Wednesday, February 10, 2016

Not Setting People Up.

One of the dangers in dealing with suffering is avoiding setting people up for it. There exists a kind of evangelistic malpractice that Christians are in danger of committing. We can give the impression that if a person comes to Christ, their problems will vanish and they will have lives of largely unbroken happiness. I am not just talking about the health-and-wealth gospel, though it is the extreme case. But even more moderate evangelistic approaches can end up leaving this impression. But the problem with this is, it sets people up for a fall. People come to Christ for the wrong reasons and end up dumping it again, claiming they tried Christianity and it did not work. Or people genuinely come to Christ but end up struggling in their Christian lives because it does not work out the way they thought it would. How do we avoid this problem?
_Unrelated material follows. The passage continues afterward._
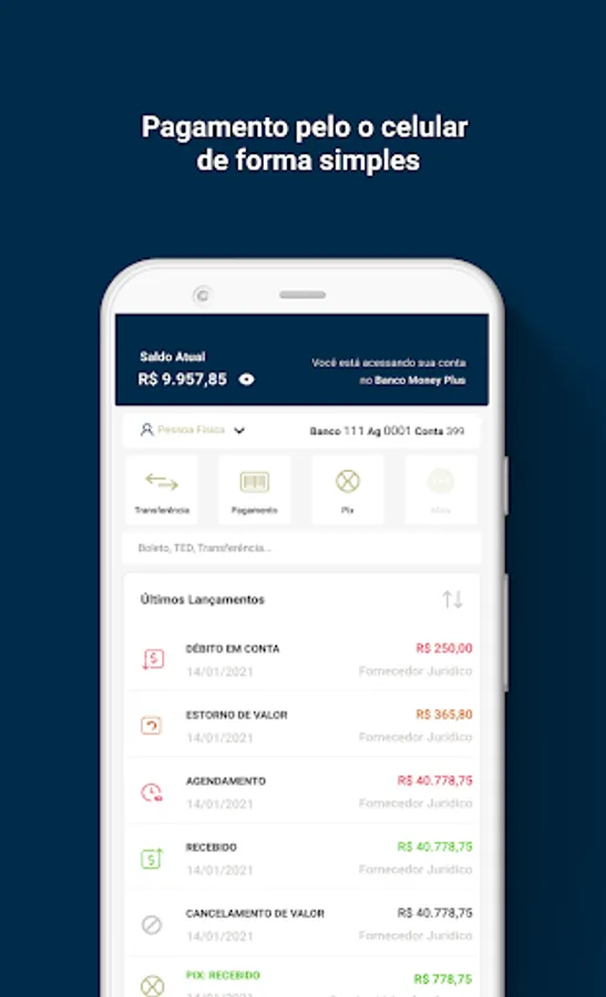 A complete account, with payments, transfers, PIX, ESCROW accounts, bookings, operators, approvals and everything else.
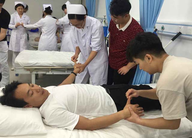 2018年5月13日,社会与法学院老年服务与管理专业学生在求实楼306、304开展了推拿按摩实训体验活动。

First of all, we need to start by recognizing what Scripture actually says on this subject. It does not say Christians will have no problems. In fact, it seems to promise we will encounter suffering (John 16:33; Acts 14:22; 1 Peter 4:12,13). Now God has said He will bring us through us suffering (Romans 8:18; 2 Corinthians 4:17,18, 2:14). He has even said He will use it to make us into the kind of people He wants us to be (James 1:2-4; Romans 5:3-5; 8:28-30). Now the fact that someone suffers does not mean they have done something wrong (John 9:1-3; Hebrews 11:36-38; Job 1,2), though God does sometimes use suffering to discipline us for our wrongdoing (Hebrews 12:5-11; 1 Corinthians 11:30-32; Revelation 3:19). One of the two churches in Revelation that was not rebuked was characterized by suffering,  and they were told they would continue to suffer (Revelation 2:8-11).
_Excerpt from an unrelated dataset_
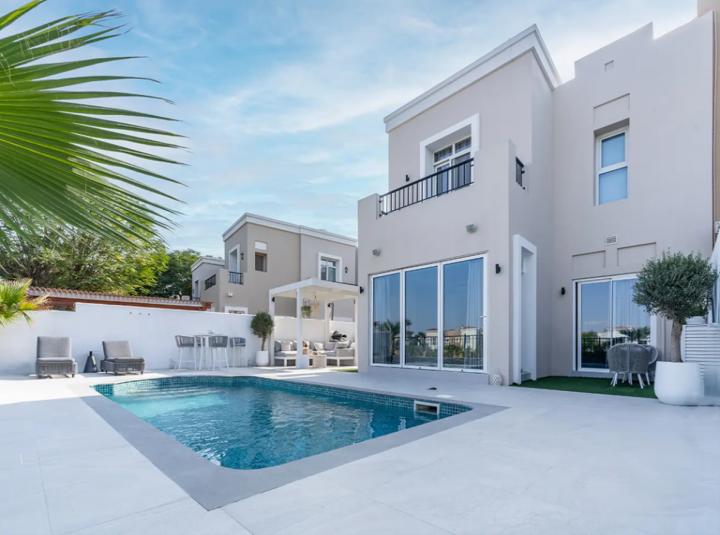 Most people end up outside as soon as the weekend rolls around. I noticed that straight away. The garden has enough space to actually use, and the pool is private which is not easy to find in Arabian Ranches. There is even a built in BBQ and a pizza oven, so if you are big on food or just like the idea of friends over for slow evenings, this part is going to win you over. The pergola is set in the corner for shade, so you never need to chase the sunlight unless you want to. Reading by the pool or just having a coffee here in the morning just feels easy.

Therefore, when we invite people to come to Christ, we must prepare them for suffering. Now God promises many things if we come to Him. He promises forgiveness of sins (Ephesians 1:7; 1 Peter 2:24,25; Colossians 2:13,14). He promises we will become His children (John 1:12,13; Romans 8:14-17; Galatians 4:5-7). He promises we will be with Him forever (John 3:16; 10:27-30; 1 John 5:11-13). He promises that we can come and ask Him for what we need, and He will take care of us (Philippians 4:6,7; 1 Peter 5:7; Matthew 6:25-34). But God is not a vending machine in the sky. Rather, He grants things according to His will, based on what He knows is best (1 John 5:14,15; 2 Corinthians 12:7-10; Matthew 26:36-46). But nowhere are we promised we will not face suffering. And to claim we will not is simply false advertising.